Many intrusion detection systems include ticketing capabilities. One example is AlienVault.
Event Logs
Before an incident occurs, make sure you are gathering audit logs. Because attackers sometimes destroy logs to hide evidence, your logs should be sent to a central log (also known as syslog) aggregation system in near real-time. Examples of these systems are Splunk, AlienVault, and VMWare Log Insight. Ideally, this log system will be firewalled from the rest of the network and only a few very trusted people have access to it. Each of your servers and network devices should be set to forward event logs to this device. Almost every operating system and network device in use today has an option to send “syslogs” to another server.
Incident Response Templates
These templates help remind organizations to gather additional information about security incidents. They also include a workflow, which should match the company’s Cybersecurity Incident Response Policy. Make sure to download and customize your incident response templates BEFORE an incident.
How can you prepare your team for an incident?
The best way to prepare is to run regular incident response drills. I recommend the following schedule:
Weekly:
Informal IT-department round table to discuss a random incident scenario and discover gaps or concerns.
Monthly:
Perform a test restore of at least one system.
Quarterly:
Technical review of procedures and policies for accuracy.
Verify contacts list is still valid and contract numbers / policies / warranties are good.
Half-year:
Tabletop drill that follows a complex scenario through to the end. Each escalation point is expected to participate in the drill.
Perform a disaster recovery fail-over and fail-back, or relocation drill.
What is an informal round table?
An example would be the IT manager randomly selecting scenario #4 from this document:
4. A man from “Linux” walks past the reception desk and searches for a open network port to plug his laptop into. What security procedures are in place to prevent him from accessing your network?
During the weekly team meeting, the manager reads this scenario to her team. There is a 5-10 minute discussion about the topic. An IT department might come up with the following gaps:
They have seen unannounced salespeople make it all the way to back offices in the past. There should be a procedure for the receptionist to record visitor IDs and have someone escort them.
There are network ports in all offices which provide DHCP and LAN access to any device plugged in. The corporate switches have the ability to perform MAC filtering, automatic VLAN quarantining, and logically turn off ports, but they are not configured for this yet. The department starts a project to enable these security configurations.
The server room door is near the front desk and is normally propped open due to ventilation issues. The CISO puts in a call to get the ventilation problems fixed so that the server room door can be secured.
Obviously, coming up with three new security projects each week will crush most IT departments. The CISO needs to prioritize by efficiency. Over time, this brainstorm process will greatly improve cyber security for an organization.
What does a test restore involve?
Here is a little known fact about IT: Sometimes backups say they are successful, but when you try to restore from them, the backups don’t work. What the heck!!
This actually isn’t rare. It happens a lot.
You should never assume that your backups work unless you’ve successfully restored from them.
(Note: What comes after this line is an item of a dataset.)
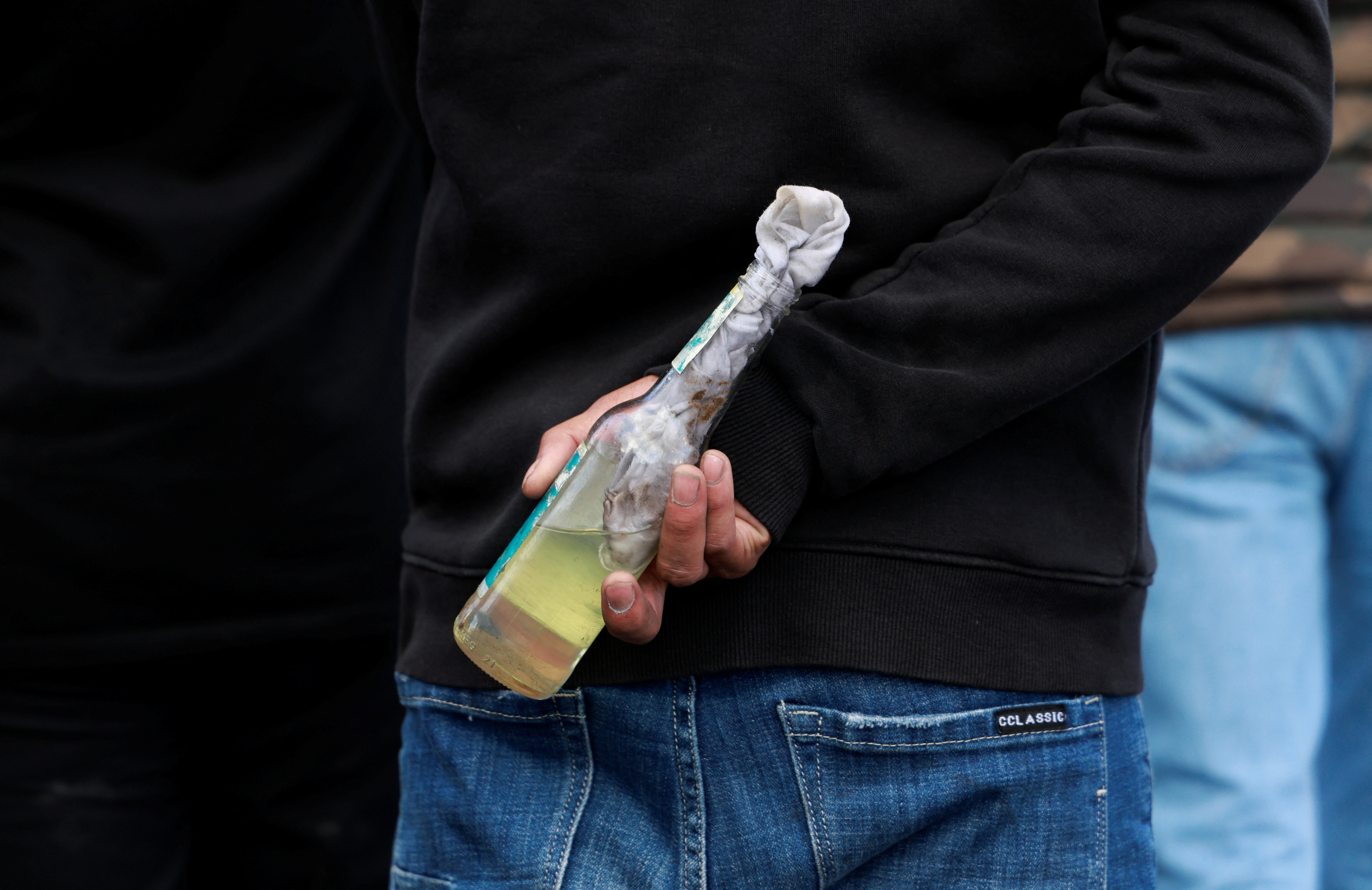 一名巴勒斯坦人在2023年10月18日以色列占领的约旦河西岸的拉马拉附近与以色列军队发生冲突时手持一枚汽油弹。路透社/Ammar Awad摄

Backups are most likely to fail on database servers. This is because databases normally have multiple files in use, which need to be perfectly synchronized to each other. Without special configuration, backups will copy the first file, then copy the second file, then the third, etc. The files don’t match each other in the backup because they were copied at different times (even half a second will break their synchronization). Pro tip: Use the database’s embedded backup program to create backups to a file on the server, then back up that file.
The restore process can also be a huge problem if not properly prepared for. For example, if you try to restore an operating system backup to different hardware, it will almost always crash because the motherboard hardware and CPU are different. You will either need to remove hardware-specific drivers during the restore process or you will need to have the materials ready to install the operating system and programs separately. It is good to know what to expect beforehand. BIOS boot settings for UEFI versus GPT are another big problem when restoring servers. Make a note of which one you are currently using so that you can pick it correctly during the restore.
And there are always little gotchas. Like your restore process uses a DVD but your servers don’t have DVD drives. Without actually trying to perform a test restore, you won’t catch the little problems.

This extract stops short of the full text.